Model Card for wav2vec2-base-korean

Model Details

Model Description

This model is a fine-tuned version of Facebook's wav2vec2-base model, adapted for Korean language recognition using the Zeroth-Korean dataset. The model has been trained to transcribe Korean speech into text, specifically utilizing the unique jamo characters of the Korean language.

  • Developed by: [jeonghyeon Park, Jaeyoung Kim]
  • Model type: Speech-to-Text
  • Language(s) (NLP): Korean
  • License: Apache 2.0
  • Finetuned from model [optional]: facebook/wav2vec2-base

Model Sources

  • Repository: [github.com/KkonJJ/wav2vec2-base-korean]

Uses

Direct Use

The model can be directly used for transcribing Korean speech to text without additional fine-tuning. It is particularly useful for applications requiring accurate Korean language recognition such as voice assistants, transcription services, and language learning tools.

Downstream Use [optional]

This model can be integrated into larger systems that require speech recognition capabilities, such as automated customer service, voice-controlled applications, and more.

Out-of-Scope Use

This model is not suitable for recognizing languages other than Korean or for tasks that require understanding context beyond the transcription of spoken Korean.

Bias, Risks, and Limitations

Recommendations

Users should be aware of the limitations of the model, including potential biases in the training data which may affect the accuracy for certain dialects or speakers. It is recommended to evaluate the model's performance on a representative sample of the intended application domain.

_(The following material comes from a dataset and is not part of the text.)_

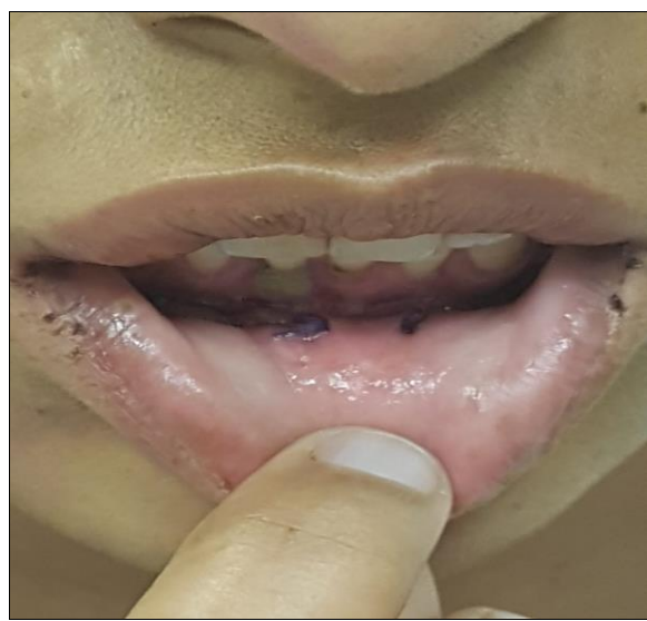
Figure-4: Vestibular incisions after closure

How to Get Started with the Model

To get started with the model, use the code below:

!pip install transformers[torch] accelerate -U
!pip install datasets torchaudio -U
!pip install jiwer jamo
!pip install tensorboard

import torch
from transformers import Wav2Vec2ForCTC, Wav2Vec2Processor
import torchaudio
from jamo import h2j, j2hcj

model_name = "Kkonjeong/wav2vec2-base-korean"
model = Wav2Vec2ForCTC.from_pretrained(model_name)
processor = Wav2Vec2Processor.from_pretrained(model_name)

model.to("cuda")
model.eval()

def load_and_preprocess_audio(file_path):
    speech_array, sampling_rate = torchaudio.load(file_path)
    if sampling_rate != 16000:
        resampler = torchaudio.transforms.Resample(sampling_rate, 16000)
        speech_array = resampler(speech_array)
    input_values = processor(speech_array.squeeze().numpy(), sampling_rate=16000).input_values[0]
    return input_values

def predict(file_path):
    input_values = load_and_preprocess_audio(file_path)
    input_values = torch.tensor(input_values).unsqueeze(0).to("cuda")
    with torch.no_grad():
        logits = model(input_values).logits
    predicted_ids = torch.argmax(logits, dim=-1)
    transcription = processor.batch_decode(predicted_ids)[0]
    return transcription

audio_file_path = "your_audio_file.wav"
transcription = predict(audio_file_path)
print("Transcription:", transcription)

Training Details

Training Data

The model was trained using the Zeroth-Korean dataset, a collection of Korean speech data. This dataset includes audio recordings and their corresponding transcriptions.

Training Procedure

Preprocessing

Special characters were removed from the transcriptions, and the text was converted to jamo characters to better align with the Korean language's phonetic structure.

Training Hyperparameters

  • Training regime: Mixed precision (fp16)
  • Batch size: 32
  • Learning rate: 1e-4
  • Number of epochs: 10

Evaluation

Testing Data, Factors & Metrics

Testing Data

The model was evaluated using the test split of the Zeroth-Korean dataset.

Metrics

The primary evaluation metric used was the Character Error Rate (CER), which measures the percentage of characters that are incorrect in the transcription compared to the reference text.

Results

  • Final CER: 0.073

Summary

The model achieved a CER of 7.3%, indicating good performance on the Zeroth-Korean dataset.

Environmental Impact

Carbon emissions can be estimated using the Machine Learning Impact calculator.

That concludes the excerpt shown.